Rapid induction of thymic lymphomas by isopropyl methanesulfonate: a preliminary report.

Abstract

The direct-acting SN1 alkylating agent isopropyl methanesulfonate (IMS) was carcinogenic by subcutaneous injection in female Hsd:(ICR)BR mice, causing thymic lymphoid neoplasms within 7 months in at least 20 of 32 treated mice. No such neoplasms were observed in mice treated with the direct-acting SN2 methyl homolog, methyl methanesulfonate (MMS). Both the IMS-treated mice and the MMS-treated mice initially received 20 mumole of the respective compounds by sc injection once weekly; however, because of toxic effects the dose of IMS was reduced to 10 mumole per injection on the 63rd day and further reduced to 5 mumole per injection on the 120th day, after which this dose was maintained until the 202nd day when the last surviving IMS-treated mouse became moribund and was sacrificed.
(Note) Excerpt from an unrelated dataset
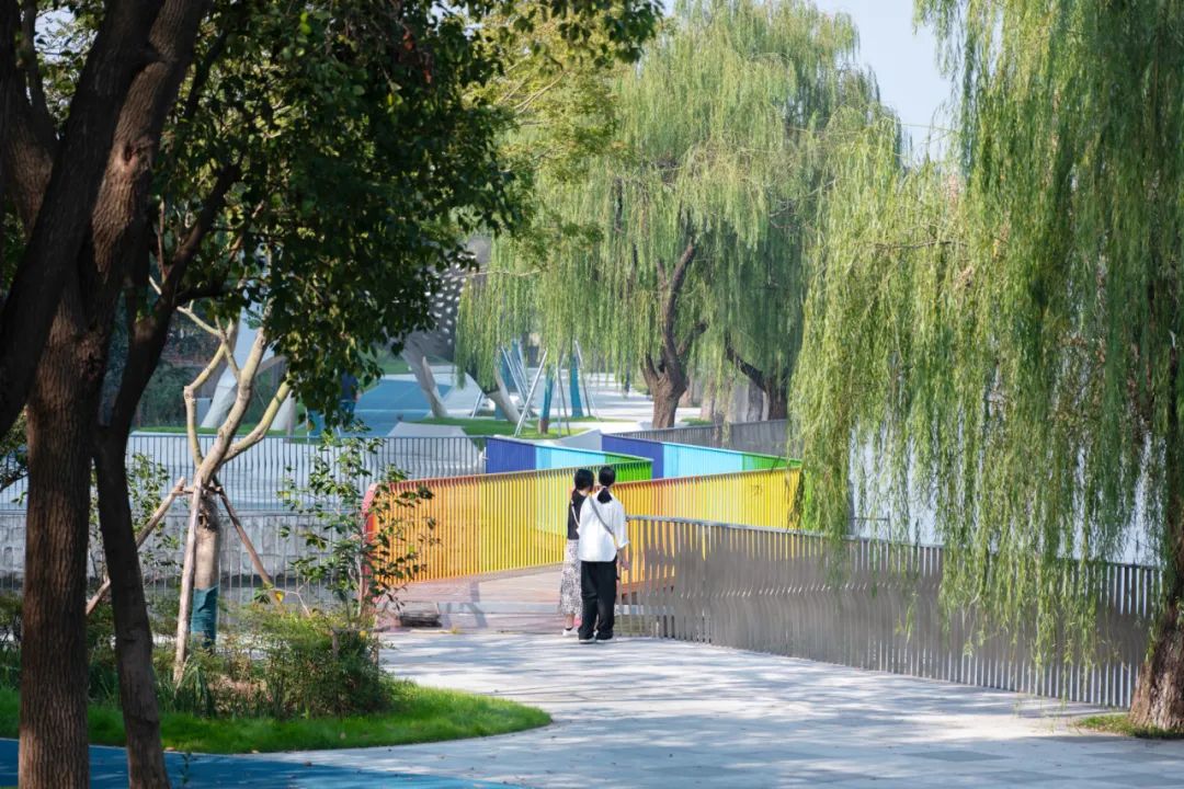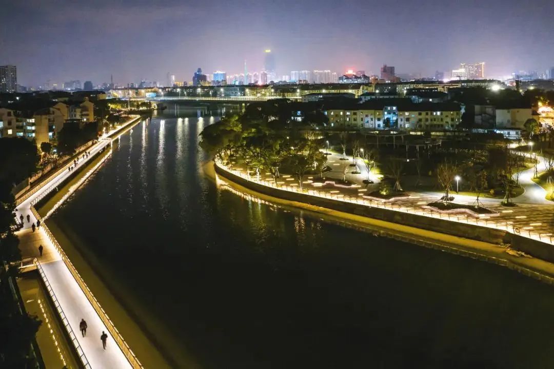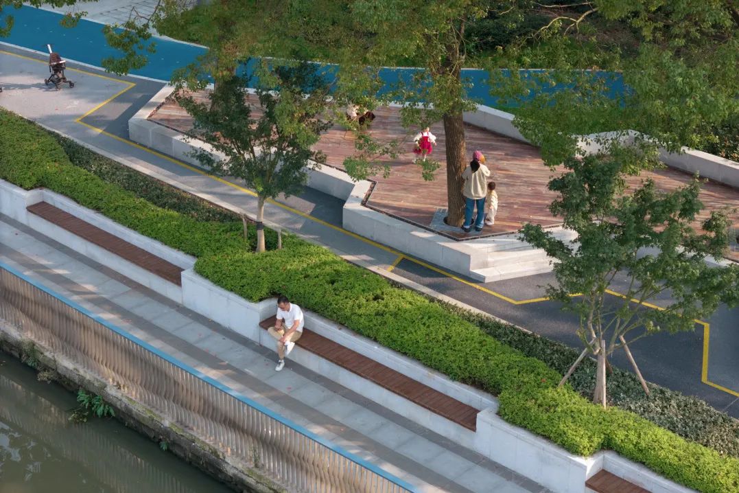 一期项目的完工,打通了北环城河畔的慢行断点,基本连通了傀儡湖--庙泾河--张家港河--北环城河--青阳港十公里的滨水活力慢行网络,通过连接森林公园、亭林园等大型公园,与多处新增“小薇”绿地空间,构建了点线融合、便捷通达的滨水公共休闲网络,用一条道串起了一片绿,为市民们提供了亲水平台和休闲运动好去处,也“串”起了绿色生活。

In 2 of the MMS-treated mice, 93% of which were alive at 288 days, tumors were observed at the site of injection, one being a papilloma and the other a subcutaneous sarcoma. IMS has not previously been implicated as a carcinogen, to our knowledge. Its induction of thymic lymphomas may conceivably be related to its ability to alkylate exocyclic oxygen atoms in the DNA of hemopoietic cells.